The Indiana Law Journal & The Indiana Law Journal Supplement - http://www.indianalawjournal.org
Using Competition-Based Regulation to Bridge the Toxics Data Gap
http://www.indianalawjournal.org/articles/498/1/Using-Competition-Based-Regulation-to-Bridge-the-Toxics-Data-Gap/Page1.html
Wendy Wagner

 
By Wendy Wagner
Published on 09/2/2008
 

A person unfamiliar with the intricacies of chemical regulation in the U.S. might assume that regulators are hard at work weeding out dangerous products, requiring warnings on thousands of others, and collecting copious toxicity research on the rest.  In truth, however, the regulatory regime in the U.S. works nothing like this.  There is little information available to regulators for evaluating possible hazards of chemicals and, even for the limited research that does exist, some unspecified portion of the scientific studies is at risk of being biased or otherwise unreliable.  Since EPA focuses most of its firepower on regulating individual chemical substances rather than chemical mixtures, moreover, consumers have little notion of the comparative toxicity of the chemical products on the market and lack adequate instructions regarding their proper use.  There is simply no way to sugarcoat the ugly truth: Chemical regulation in the U.S. has been a dismal failure.

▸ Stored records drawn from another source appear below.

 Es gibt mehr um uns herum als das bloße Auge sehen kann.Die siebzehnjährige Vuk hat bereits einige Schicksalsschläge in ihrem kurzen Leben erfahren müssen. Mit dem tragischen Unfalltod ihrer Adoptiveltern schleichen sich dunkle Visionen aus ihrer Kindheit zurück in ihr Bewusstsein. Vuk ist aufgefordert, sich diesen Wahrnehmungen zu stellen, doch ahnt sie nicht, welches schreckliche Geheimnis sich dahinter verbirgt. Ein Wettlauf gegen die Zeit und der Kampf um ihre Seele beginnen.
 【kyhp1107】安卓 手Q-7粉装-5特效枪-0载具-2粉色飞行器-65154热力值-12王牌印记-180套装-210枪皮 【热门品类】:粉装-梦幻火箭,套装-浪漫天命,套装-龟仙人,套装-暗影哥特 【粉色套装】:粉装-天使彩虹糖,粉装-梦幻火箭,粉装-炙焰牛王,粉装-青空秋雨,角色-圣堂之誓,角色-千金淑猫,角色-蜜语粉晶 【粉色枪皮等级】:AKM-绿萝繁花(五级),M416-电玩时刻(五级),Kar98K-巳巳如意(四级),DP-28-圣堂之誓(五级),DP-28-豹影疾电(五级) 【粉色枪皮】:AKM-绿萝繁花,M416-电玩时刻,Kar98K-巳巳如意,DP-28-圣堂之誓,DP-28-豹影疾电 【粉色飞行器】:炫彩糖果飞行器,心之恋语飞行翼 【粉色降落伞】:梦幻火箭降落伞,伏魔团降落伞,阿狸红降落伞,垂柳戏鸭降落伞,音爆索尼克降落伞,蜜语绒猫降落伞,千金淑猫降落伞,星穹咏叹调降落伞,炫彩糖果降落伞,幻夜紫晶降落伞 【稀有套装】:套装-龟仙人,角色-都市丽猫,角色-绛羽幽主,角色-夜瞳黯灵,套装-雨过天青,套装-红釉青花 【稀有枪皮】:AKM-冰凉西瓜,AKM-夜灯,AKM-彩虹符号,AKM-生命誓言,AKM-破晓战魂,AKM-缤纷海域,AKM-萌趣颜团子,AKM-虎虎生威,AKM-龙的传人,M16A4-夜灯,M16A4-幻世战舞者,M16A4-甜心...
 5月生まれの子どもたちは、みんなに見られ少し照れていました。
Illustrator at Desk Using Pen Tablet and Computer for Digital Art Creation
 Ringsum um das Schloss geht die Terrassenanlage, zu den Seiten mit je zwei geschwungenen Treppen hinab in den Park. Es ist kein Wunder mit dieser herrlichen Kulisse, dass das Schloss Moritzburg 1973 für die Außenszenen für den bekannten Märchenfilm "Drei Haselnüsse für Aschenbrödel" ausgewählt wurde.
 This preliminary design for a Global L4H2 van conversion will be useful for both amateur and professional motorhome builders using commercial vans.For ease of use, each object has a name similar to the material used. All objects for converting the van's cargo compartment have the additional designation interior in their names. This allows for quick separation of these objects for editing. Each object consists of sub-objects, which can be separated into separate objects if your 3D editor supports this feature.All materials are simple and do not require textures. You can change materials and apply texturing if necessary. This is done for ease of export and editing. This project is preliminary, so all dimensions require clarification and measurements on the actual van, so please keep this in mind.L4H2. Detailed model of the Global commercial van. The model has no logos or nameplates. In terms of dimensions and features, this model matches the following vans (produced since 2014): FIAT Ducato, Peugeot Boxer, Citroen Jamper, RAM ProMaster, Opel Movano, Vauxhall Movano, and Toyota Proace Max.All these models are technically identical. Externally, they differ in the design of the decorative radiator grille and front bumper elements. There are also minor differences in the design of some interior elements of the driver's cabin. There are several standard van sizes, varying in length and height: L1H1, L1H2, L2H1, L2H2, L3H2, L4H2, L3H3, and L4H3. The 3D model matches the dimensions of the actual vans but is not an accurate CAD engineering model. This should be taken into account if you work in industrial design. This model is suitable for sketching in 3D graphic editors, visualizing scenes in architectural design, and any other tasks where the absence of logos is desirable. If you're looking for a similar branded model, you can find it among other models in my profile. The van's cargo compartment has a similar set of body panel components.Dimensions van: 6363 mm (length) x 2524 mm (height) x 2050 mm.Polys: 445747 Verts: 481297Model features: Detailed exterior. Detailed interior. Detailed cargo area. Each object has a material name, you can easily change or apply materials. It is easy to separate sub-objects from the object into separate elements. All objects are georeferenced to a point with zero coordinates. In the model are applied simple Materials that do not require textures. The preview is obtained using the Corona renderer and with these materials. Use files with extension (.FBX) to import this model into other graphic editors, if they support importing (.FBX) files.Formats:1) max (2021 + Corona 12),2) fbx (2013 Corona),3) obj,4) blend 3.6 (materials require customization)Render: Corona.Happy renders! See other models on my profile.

    This article considers the entrenched failure of chemical regulation and offers a different angle for regulatory reform that taps into market competition between rival firms to produce relevant information about the toxicity of certain chemical products on the market.   By repositioning regulatory decisions as an adjudication between rival manufacturers, the proposed regulatory process is fueled by the expertise, information, and energies of manufacturers of safer products eager to put their more hazardous competitor products out of business.  This shift in regulatory approach also breaks up the unified political coalition of manufacturers into two groups – those that might enjoy competitive benefits from such a proposal because they have been vigilant in testing their products and those that will lose because they have not.  While this shift does not guarantee that some manufacturers may be persuaded to support a competition-based reform of toxics policy, it at least provides some hope of an altered configuration of stakeholders that prove less resilient in opposing reform.